Malgré ces efforts, les démissionnaires estiment qu’ils ne peuvent plus associer leur crédibilité à une organisation dont l’intégrité leur semble compromise. Sylvia Chou, ancienne directrice de programme à l’Institut national du cancer, a démissionné le 19 janvier 2026. Paul Grothaus, ancien responsable de programme à l’Institut national du vieillissement, a pris sa retraite le 31 décembre 2025, plus tôt que prévu. Alexa Romberg, ancienne chef adjointe de la Direction de la recherche en prévention de l’Institut national sur l’abus des drogues, a démissionné le 8 décembre 2025, tout comme Vani Pariyadath, ancienne chef de la branche des neurosciences comportementales et cognitives du même institut, le 14 juin 2025. Tous les auteurs soulignent qu’ils agissent à titre personnel.
Les raisons de ces départs sont multiples. Les démissionnaires dénoncent notamment l’hypocrisie de la direction des NIH, qui prétend défendre la liberté académique tout en censurant les demandes de subventions et les communications du personnel.
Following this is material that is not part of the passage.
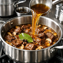 Grzyby suszone zalej około 200 ml gorącego, ale nie wrzącego bulionu wołowego w małej misce i odstaw na 20 minut do napęcznienia. Po 20 minutach przepuść płyn przez sitko wyłożone gazą lub drobnym sitkiem, oddzielając piasek — zachowaj płyn do sosu.

Ils rapportent avoir reçu l’instruction de demander aux chercheurs de supprimer des mots tels que « équité », « diversité », « minorité » et « populations défavorisées » de leurs dossiers, même si ces termes étaient pertinents pour leur recherche. Cette pratique est perçue comme une forme de coercition idéologique qui porte atteinte à la qualité et à la pertinence de la recherche.
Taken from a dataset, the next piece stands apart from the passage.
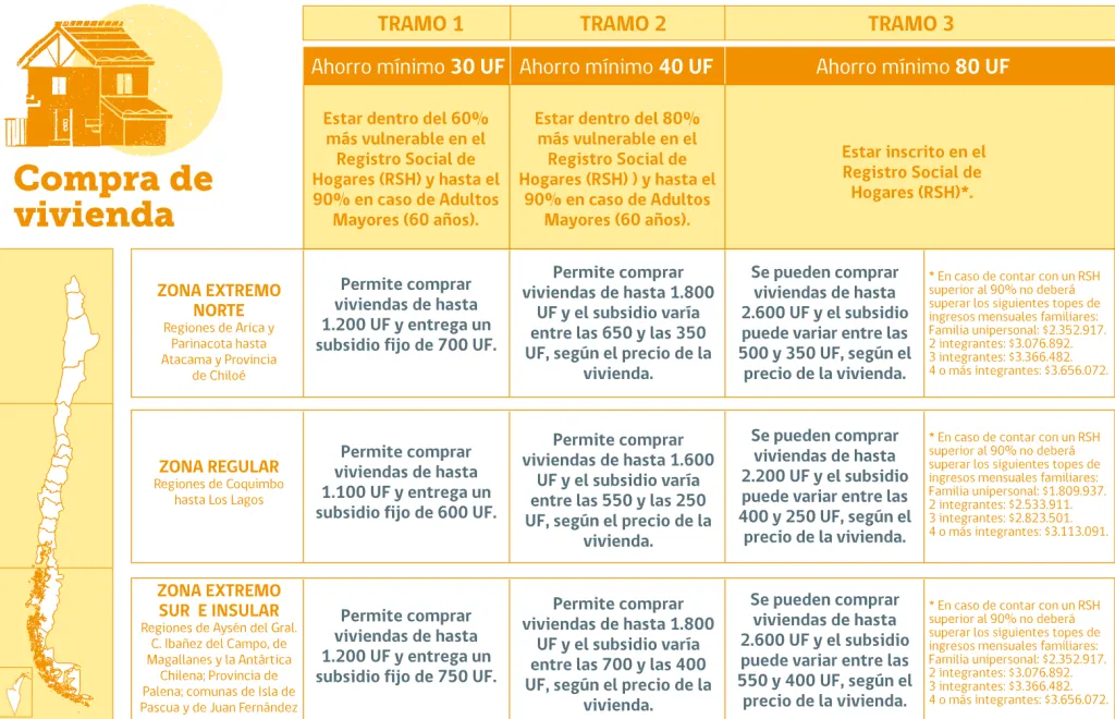 - Tramo 2: Viviendas de hasta 1.600 UF (1.700 UF en algunas regiones).

De même, des programmes de financement axés sur la réduction des disparités en matière de santé ont été supprimés ou censurés, sous prétexte qu’ils étaient liés à des politiques de « DEI » (Diversité, Équité et Inclusion). Les candidatures associées ont été retirées sans examen et les attributions annulées, malgré les justifications scientifiques et l’alignement avec les priorités déclarées publiquement. Ces décisions, selon les démissionnaires, auront des conséquences durables sur la santé des populations vulnérables et sur le progrès scientifique.
Enfin, les démissionnaires dénoncent une culture de peur au sein des NIH, où les employés qui remettent en question les ordres de la direction sont réduits au silence, voire sanctionnés. Certains ont été mis en congé administratif ou limogés, tandis que d’autres craignent pour leur emploi s’ils expriment leurs préoccupations. Des témoignages recueillis par les démissionnaires révèlent un climat d’anxiété et de méfiance qui entrave le bon fonctionnement de l’agence.
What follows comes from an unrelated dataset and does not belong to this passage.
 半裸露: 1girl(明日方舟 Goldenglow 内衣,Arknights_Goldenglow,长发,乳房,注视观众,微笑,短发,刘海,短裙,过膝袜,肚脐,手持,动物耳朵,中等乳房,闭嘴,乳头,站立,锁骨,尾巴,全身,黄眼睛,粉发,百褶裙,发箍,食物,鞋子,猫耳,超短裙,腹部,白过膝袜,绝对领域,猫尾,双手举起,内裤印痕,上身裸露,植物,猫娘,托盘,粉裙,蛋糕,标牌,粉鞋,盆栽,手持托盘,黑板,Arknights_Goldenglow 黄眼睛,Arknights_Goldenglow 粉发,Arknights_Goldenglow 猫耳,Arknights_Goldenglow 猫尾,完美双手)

Les démissionnaires appellent leurs collègues à rester vigilants et à défendre l’intégrité de la recherche scientifique. Ils soulignent que la stabilité du financement de la recherche est essentielle pour résoudre les problèmes de santé publique et pour garantir que les politiques publiques soient fondées sur des données probantes. Ils expriment également leur détermination à poursuivre leurs efforts pour faire progresser la science et améliorer la santé publique, même en dehors des NIH.
Ils encouragent les chercheurs travaillant sur des sujets sensibles, tels que les vaccins, l’équité en santé, la santé des minorités sexuelles et de genre, le changement climatique et la désinformation, à continuer à s’exprimer et à collaborer pour créer de nouvelles opportunités de recherche. Ils appellent également leurs collègues qui envisagent de rester aux NIH ou de solliciter des financements auprès de l’agence à peser soigneusement les risques et les avantages de leurs choix.
Selon les démissionnaires, cette attaque contre la science est une menace pour la liberté d’expression et de pensée, ainsi que pour les libertés fondamentales que nous chérissons tous. Ils appellent à une action collective pour préserver l’intégrité morale et scientifique de la recherche biomédicale et pour reconstruire un écosystème de recherche solide et indépendant de toute ingérence politique.